Dubia roaches are the best:
No smell 
Breed quite fast

All you need a dark storage tub with air holes. Use egg crates and toilet tubesfor climbing. and a heat mat should be placed under the tub to make them breed faster, Feed them veg or crushed cat food, and for water use the cricket water jelly  Hope this helps:2thumb::notworthy:


----------



## exoticpetshop (Oct 26, 2009)

*Hi*

Dubias are a slow breeder & not worth breeding for one gecko you would need loads becouse they breed better when theres more of them

Try a few types of roaches before buying loads
turkistan roaches are a very fast breeder that cant climb & dont smell & they only get to about adult cricket size well a bit bigger so great for geckos.


----------



## trw (Mar 2, 2009)

thanks for both the replies. gona look into both types of roaches. do turkistan roaches need aditional heat like dubias do?


----------



## Grond (Jun 17, 2008)

Why not stick with the mealies?

That's all I and many other feed our leos.


----------



## trw (Mar 2, 2009)

Grond said:


> Why not stick with the mealies?
> 
> That's all I and many other feed our leos.

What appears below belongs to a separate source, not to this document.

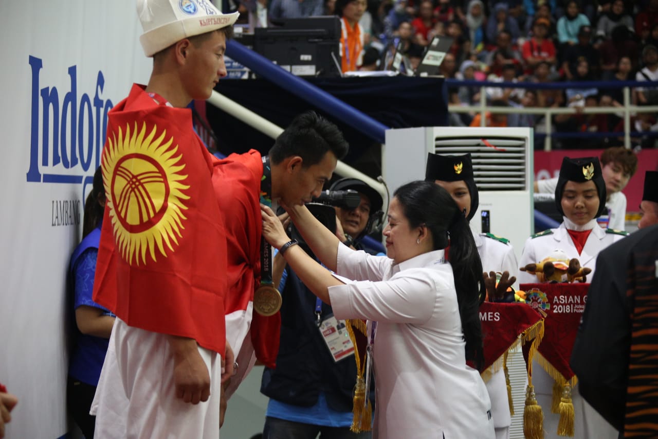 Adapun Wakil Presiden Jusuf Kalla memberikan medali emas kepada pesilat Yudani Kusumah Hanifan. Sedangkan Presiden Joko Widodo mendapatkan kesempatan terakhir memberikan medali emas kepada pesilat Wewey Wita. Presiden Joko Widodo pun berkesempatan memberikan medali emas kepada Wewey Wita. Didampingi Ketua IPSI Prabowo Subianto dan CdM Asian Games 2018 Komjen Pol Syafruddin, Presiden Joko Widodo kemudian menyalami satu persatu atlet Pencak Silat Indonesia. Seremoni ini sekaligus menandakan selesainya cabang olahraga Pencak Silat pada Asian Games 2018.

i do use the mealies mainly, but i also want to provide them with a bit more variety, and the mealies dont make her chase them to catch them so they give her no exercise.


----------



## Grond (Jun 17, 2008)

trw said:


> i do use the mealies mainly, but i also want to provide them with a bit more variety, and the mealies dont make her chase them to catch them so they give her no exercise.


True enough.

If you want to know about Turkistan roaches, look here:

http://www.reptileforums.co.uk/food-classifieds/383133-turkistan-roaches-sale-reduced-prices.html

There is a fantastic revised care sheet linked further down the thread.

Foggy will provide you with the roaches at a good price and is a nice chap!


----------



## trw (Mar 2, 2009)

Grond said:


> True enough.
> 
> If you want to know about Turkistan roaches, look here:
> 
> ...


cheers. ive bookmarked the link and will be looking into them more, just need mat and stat etc. also, do u think a colony will get too big if im just breeding them for one leo, and if i kept them without heat would this slow down there breeding or would it kill them ?


----------



## Grond (Jun 17, 2008)

trw said:


> cheers. ive bookmarked the link and will be looking into them more, just need mat and stat etc. also, do u think a colony will get too big if im just breeding them for one leo, and if i kept them without heat would this slow down there breeding or would it kill them ?


PM Steve(Foggy) and ask him. I have little experience of them as only just starting out but he'll let you know what's what.


----------



## Juzza12 (Jun 12, 2008)

Probably best off as others said with turkistans, or lobsters. The fact that lobsters can climb smooth surfaces puts a lot of people off but it's easily sorted. No heat at all may slow roaches down to the point where they won't breed. If you use a heat mat and end up with too many you can always sell the excess on here.


----------



## trw (Mar 2, 2009)

Juzza12 said:


> Probably best off as others said with turkistans, or lobsters. The fact that lobsters can climb smooth surfaces puts a lot of people off but it's easily sorted. No heat at all may slow roaches down to the point where they won't breed. If you use a heat mat and end up with too many you can always sell the excess on here.


thats a fair point. may end up making some money out of them too .


----------